Mehmet Görmez, 15 Temmuz'da neden MİT'teydi?

Mehmet Görmez, 15 Temmuz'da neden MİT'teydi?

Eski Diyanet İşleri Başkanı Prof. Dr. Mehmet Görmez, darbe gecesi yaşadıklarını ilk kez anlattı.

Eski Diyanet İşleri Başkanı Prof. Dr. Mehmet Görmez, 15 Temmuz darbe girişimi gecesinde saldırıya uğrayan MİT binasında yaşadıklarını ilk kez detaylı olarak anlatırken MİT Müsteşarı Hakan Fidan’ın başbakanın (Binali Yıldırım) telefonu sonrası yaptıkları toplantıdan ayrıldığını anlattı.

Dönemin Diyanet İşleri Başkanı Mehmet Görmez’in 15 Temmuz darbe girişimi gecesi MİT Müsteşarı Hakan Fidan ile görüştüğü biliniyordu.
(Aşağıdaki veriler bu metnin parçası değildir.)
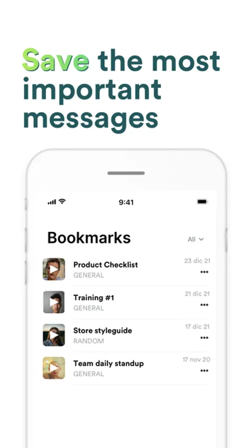 • You can create teamspaces, group chats and 1:1 conversations via video, text or audio

Habertürk’te soruları yanıtlayan Mehmet Görmez o gece neler yaşandığını ilk kez detaylı olarak anlattı.

Görmez o gece MİT binasında olmasının sebebini şöyle anlattı: “Benim o gece orada olmamın nedeni biz yine 2013 yılında DEAŞ’ın ortaya çıkışıyla bir inisiyatif kurduk. Dünyadaki 200 büyük alimden oluşuyordu. 10 kişilik temas grubu oluşturuldu. Temas grubu üyelerinden biri Muaz el-Hatip. 3 ayda bir toplanıyorduk. Bana ‘Bende bilgiler var’ dedi. ‘Bunları cumhurbaşkanımızla paylaşmam lazım yardımcı olur musunuz?’ dedi. ‘Ben de cumhurbaşkanımız yoğundur’ dedim. Bu 15 Temmuz’dan 3-4 gün öncedir. İlk bir randevu verdi MİT Müsteşarı. Sonraki randevu 15 Temmuz günü akşam 20.30. Ben nikah şahitliğinden hemen sonra çıkacaktım. Dediler ki ‘Sayın müsteşar başka bir yerde hocamız ayrılmasın.’ 
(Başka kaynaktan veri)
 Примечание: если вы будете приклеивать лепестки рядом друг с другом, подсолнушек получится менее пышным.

Mehmet Görmez randevu sırasında yaşadıklarını da şöyle aktardı: “Muaz el-Hatip ile gittik. Mit Müsteşarı geldi. Tedirgin hali vardı. Sordu ‘Misafir ne kadar zaman istiyor.’ Dedi ki ‘Hocam mümkünse 20 dakikada bitirsin.’ Muaz el-Hatip sunumunu yaparken sürekli notlar geliyordu. Kendisi önemli konular takip ediyordu. Mekan değiştirdik, orada görüşülen konuları maddeler halinde görüştük. Oradan aldığı şeyleri, talimata geçirmek için notlar alıyordu Müsteşarımız. Sonra ‘Beni Genelkurmay başkanına bağlayın’ dedi. Bağlayamadılar. Biraz sonra artık saat 22.00’yi geçti. Bize ‘Kısa tutun’ dedi. Ama biz hocalar sözü uzatıyoruz tabi. Bir süre sonra ‘Sayın Başbakan arıyor’ dediler. Bir kaç cümle duyar duymaz. ‘Hocam buradan ayrılmayın, burada oturun, dua edin’ dedi ve bizi terk etti. Biz anlam veremedik. Bir kaç dakika sonra helikopter sesleri duymaya başladım. Ben kalktım oradaki görevlilere ‘Ne oluyoruz’ dedim. ‘Bir saldırı ile karşı karşıyayız’ dediler. ‘Müsteşarımız karargahına geçtiler’ dedi. İkinci bir ses geldi, ‘Sığınağa inmemiz gerekiyor’ dedi. Hakan Fidan ‘Ben her an ayrılabilirim’ demişti, o cümleyi kurduğunu hatırlıyorum. Sığınağa giderken eşim aradı. ‘Darbeden söz ediliyor’ dedi. Aşağı iner inmez arkadaşlar ‘Benim Diyanet’e gitmem lazım’ dedim. ‘Güvenlik sorunumuz var olmaz’ dediler. Bir zırhlı araç getirdiler kapıya. Telefon çaldı. Arayanın peşine düşmedim. Numarayı verdim, gereğini yaptıklarını düşünüyorum. ‘Bu gece Türkiye Cumhuriyeti tarihinde çok önemli bir gece, beni 3-5 dakika dinlemeniz gerekiyor’ dedi. Ben bir vatandaşım dedi. ‘O zaman otur duanı yap’ dedim. Bir kez daha çaldı. Arkadaş ‘Açmayın yer tespiti yapıyor olabilir, telefonu iptal edin’ dedi. Eşim aradı ‘Neredesin, eve gelme, evin çevresi tekin görünmüyor’ dedi. ‘Büyük kızımızla buluşalım’ dedi. Tekrar o ses aradı. Ben tekrar kapattım. Kızım telefonu tamamen kapattı. Başka telefona geçtik.”